Welcome to Drumming Upstream! I’m learning how to play every song I’ve ever Liked on Spotify on drums and writing about each song as I go. When I’ve learned them all I will delete my Spotify account in a blaze of glory. Only 444 songs to go!
This week I stepped away from my drum kit to consider “Still Life”, an abstract electronic piece by the prolific composer Daniel Lopatin, a.ka. Oneohtrix Point Never, one of the most critically acclaimed electronic artists of the early 2010. How does his music hold up a decade later? Find out below!
Side A
Still Life
By Oneohetrix Point Never
R Plus Seven
Released on September 30th, 2013
Liked on March 10th, 2016
“-is that-”
Those are the only two words that appear in “Still Life”. They are some of the only words that appear at all on R Plus Seven, composer Daniel Lopatin’s first album for Warp Records under the name Oneohtrix Point Never. These two words, presumably a sample, fly by so quickly that it is next to impossible to extrapolate what phrase they could’ve been snatched from. Removed from their original context they serve no clear grammatical purpose. They could be part of a question (“What is that?”) or part of a statement (“Daniel Loptain is that dude”) depending on how you choose to hear them. Both of those hypothetical statements are appropriate reactions to “Still Life”, a piece of music equally capable of bewildering and amazing its audience.

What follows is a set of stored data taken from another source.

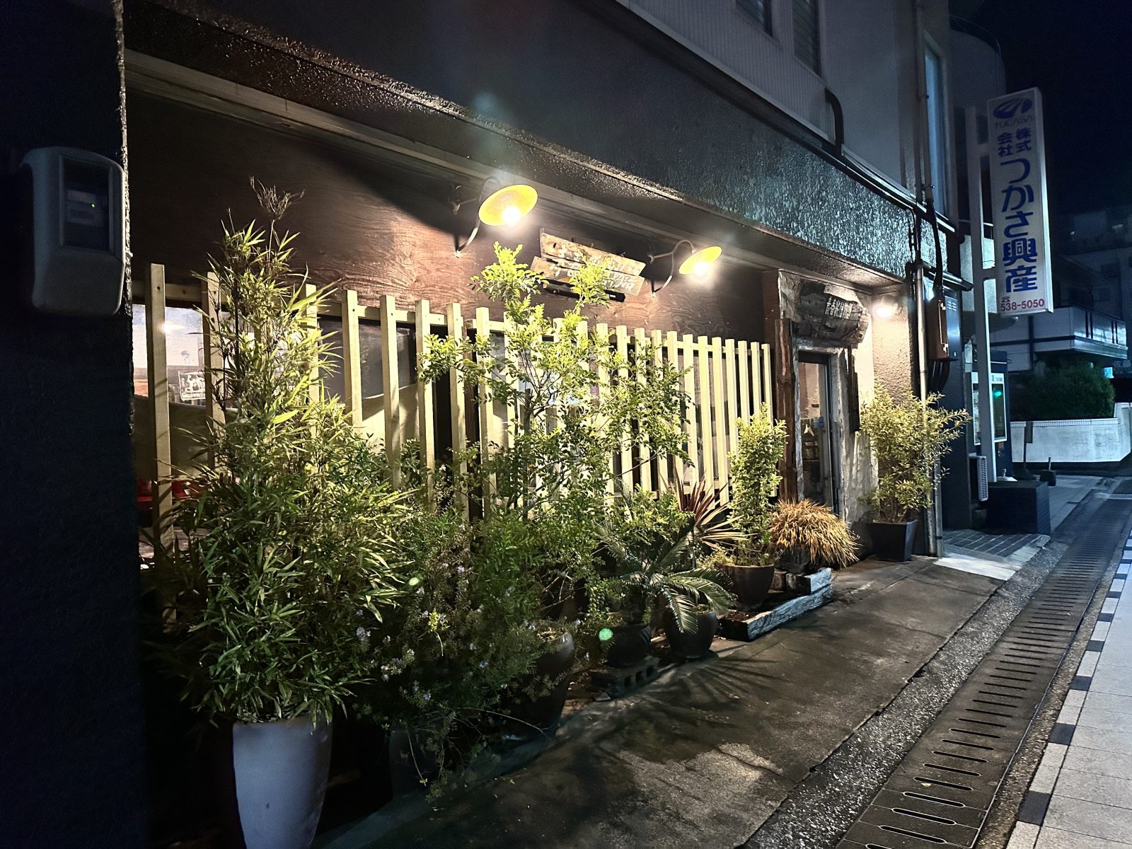 15分くらい歩いて大分の歓楽街の中にある地鶏屋さんに向かう。何回かひとりでカウンターに座ったことがあるし、美味しいし。
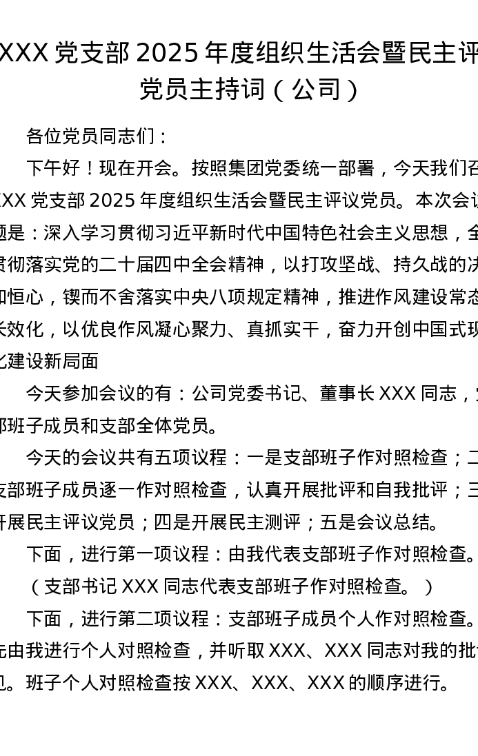 XXXX党支部2025年度组织xxx暨民主评议党员主持词(公司)
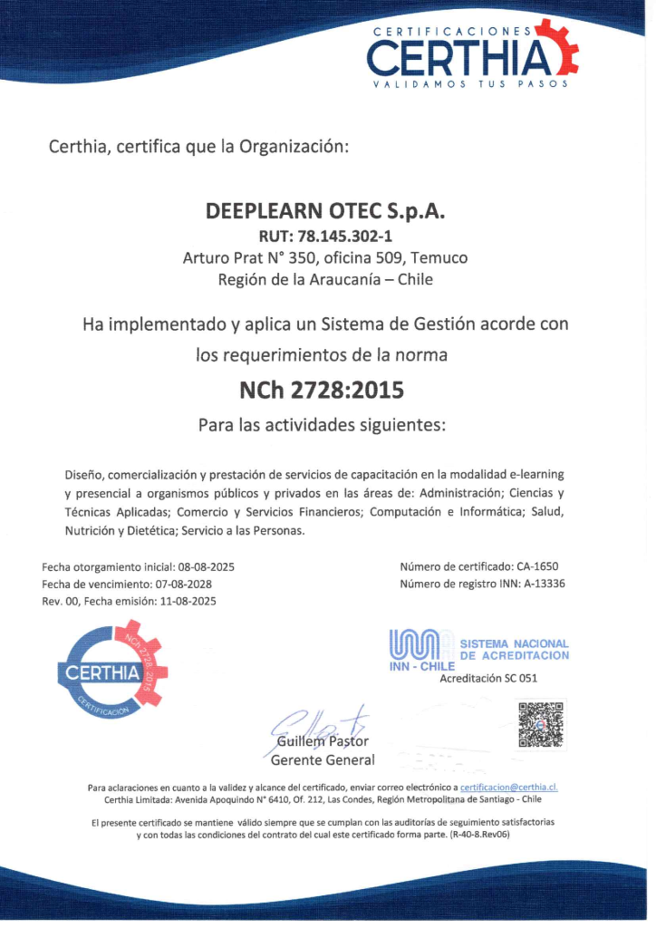 DeepLearn Academy (Razon Social Deeplearn OTEC S.p.A) ha sido certificada bajo la norma NCh 2728:2015, cumpliendo con los estándares exigidos por el Sistema Nacional de Acreditación de Chile (INN).
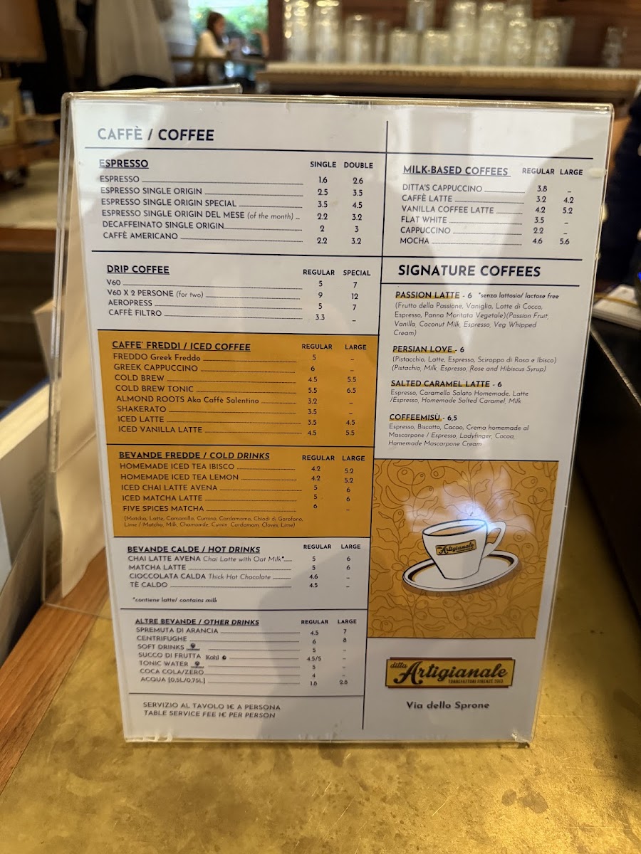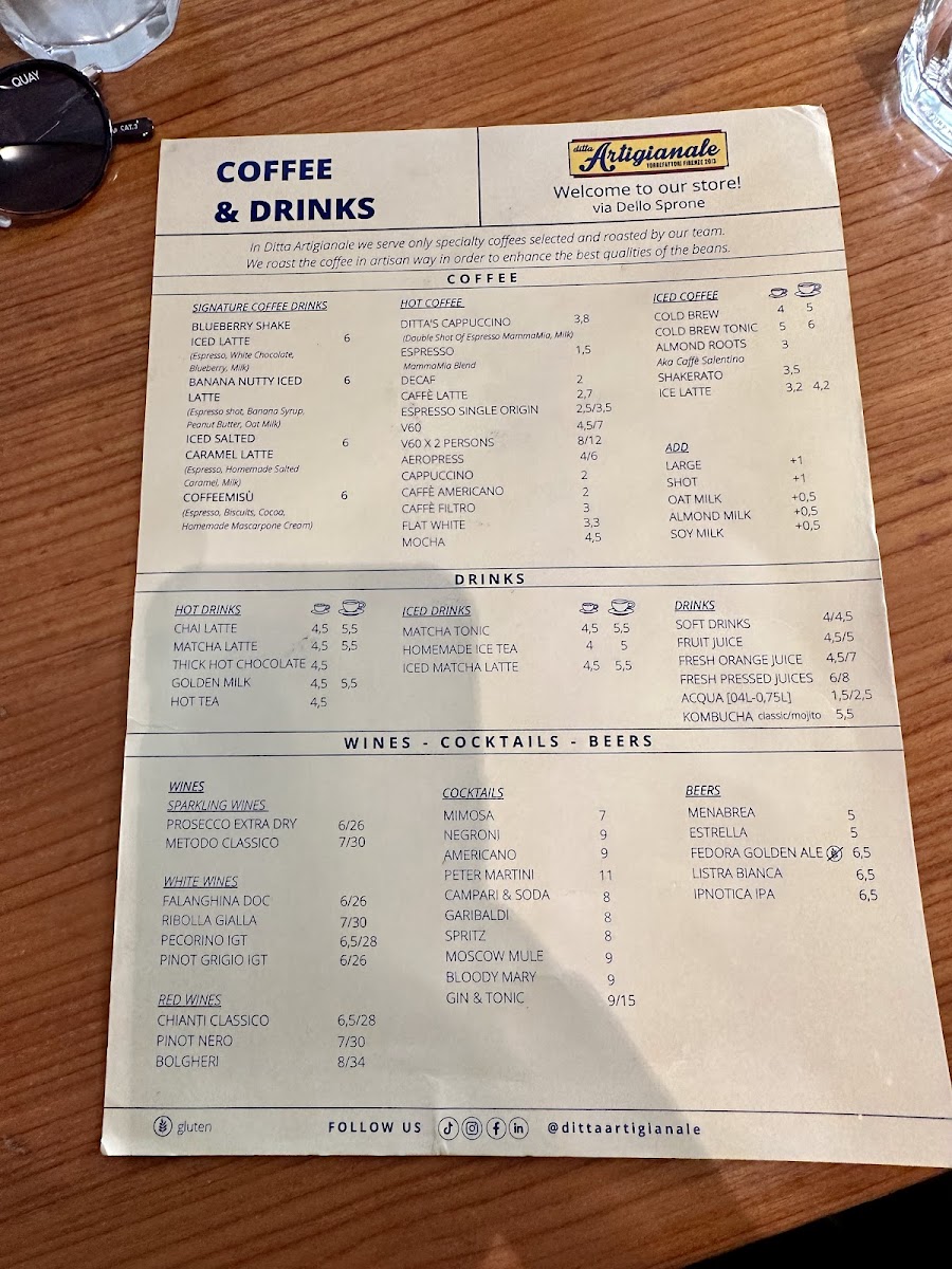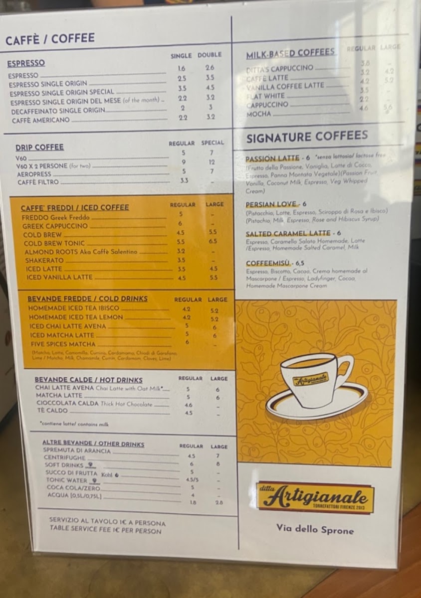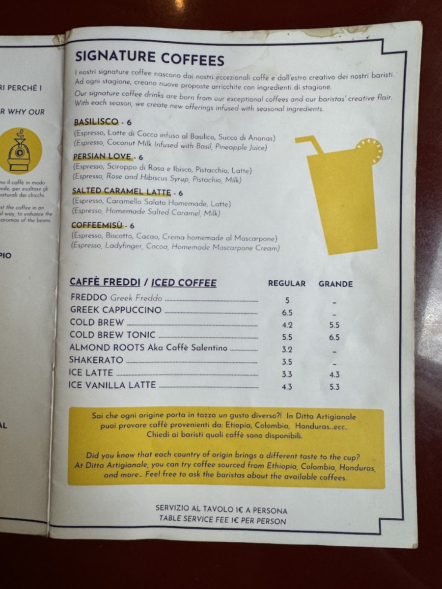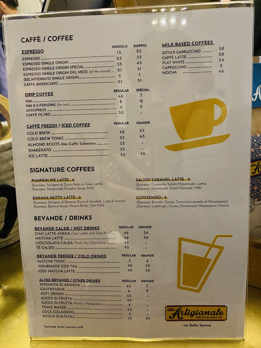 Ditta Artigianale Via dello Sprone Specialty Coffee Menu
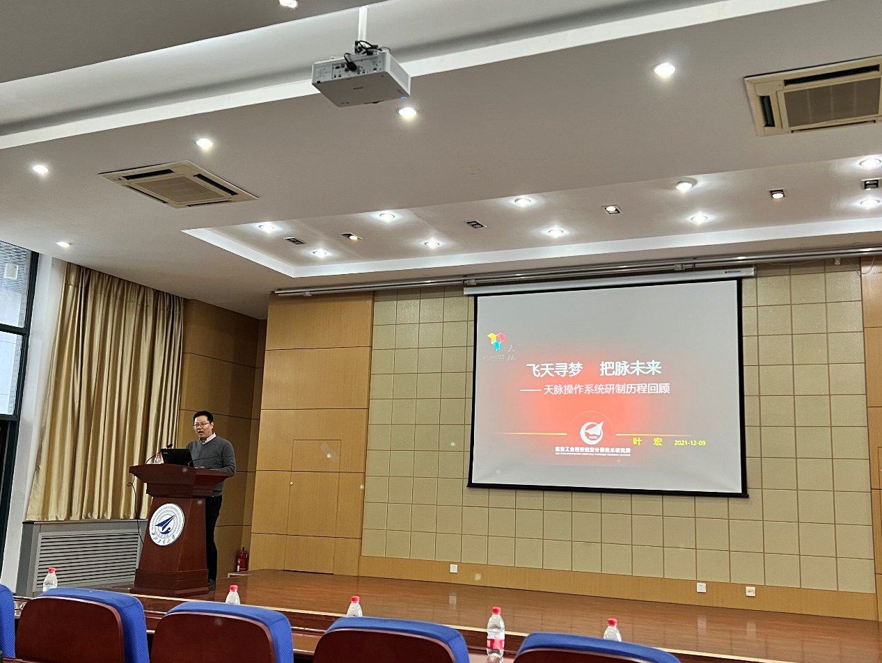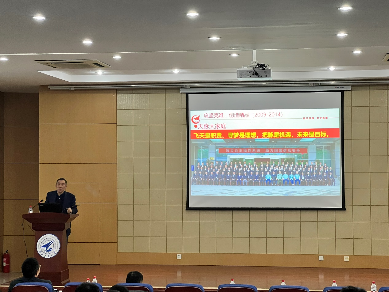 叶宏以天脉操作系统研制历程回顾为主线,按照“机遇、挑战和决策”“困境中寻梦历程”“攻坚克难、创造精品”“路漫漫其修远兮”等四个部分给师生们分享了天脉操作系统研制的时代背景、面对的挑战、方案论证、技术攻关、对比论证、选型装机以及国产机载操作系统全面转机等奋斗历程,创造了国产机载操作系统的辉煌。

Perhaps to fill the void of words available on the album itself, critics heralded the arrival of R Plus Seven with more reviews than any other record I’ve researched for Drumming Upstream. There are non-musical explanations for the glut of writing. There may never be more active blogs on the internet than there were in 2013 when R Plus Seven first dropped. The record followed Oneohtrix Point Never’s major critical breakthrough Replica (2011), which made Lopatin the hottest name in the experimental wing of electronic music. A push from the hard working publicists at Warp turned that hype into a furnace of analysis, especially since Lopatin’s Gen Y points of reference spoke directly to a new generation of digital native critics. However persuasive these arguments are though, there remains something intrinsic to R Plus Seven on a musical level that demands analysis and explication. Even the album title reads like a high school algebra problem. Solve for R.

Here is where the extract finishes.